Abstract

Sea floor mapping along the Apulia continental shelf (Italy) verified the abundance of autochthonous red algae build-ups, mapped as coralligenous habitats (CHs), in a water depth range of 5–100 m. In general, CHs were found to develop three dimensional structures, with a rigid framework and to represent an important geomorphological and sedimentological element on the Mediterranean shelf.
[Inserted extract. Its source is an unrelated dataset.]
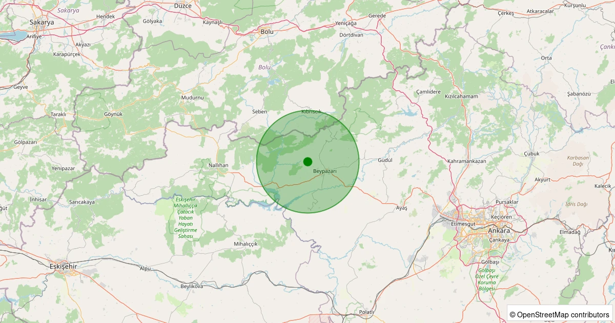 Son 7 gün içinde Beypazarı - Sarıağıl noktasından 100 km yarıçap içerisinde meydana gelen diğer depremler:
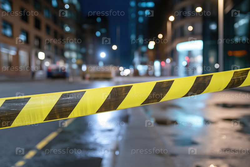 Желтая предупреждающая лента на улице в городе ночью. Размытый фон

Here, we provide the first geomorphological description of CHs (thus poorly categorized) using acoustic data obtained from Side Scan Sonar (SSS) and MultiBeam (MB) echosounder surveys, ground-truthed using a ROV and underwater camera. In SSS mosaics, CHs generally yielded intermediate to high backscatter in response to a rigid cavernous framework. According to the various shapes and the lateral continuity that coralligenous build-ups displayed in explored locations, two distinct textures were determined to be present. Various geomorphological expressions of CHs were noted within our dataset and in images obtained from MB bathymetry. We determined that coralligenous build-ups are typically represented by positive-relief structures that vary from isolated blocks (randomly scattered on a generally flat mobile soft bottom) to a field of blocks (adjacent or even coalescent), and/to ridge with several metres of lateral continuity. In most cases, CHs occurred on flat mobile soft bottom, thus representing an example of coralligenous de plateau.

Our results characterize for the first time the CHs through seafloor mapping techniques, which demonstrated to represent an instrumental tool for their geomorphological characterization.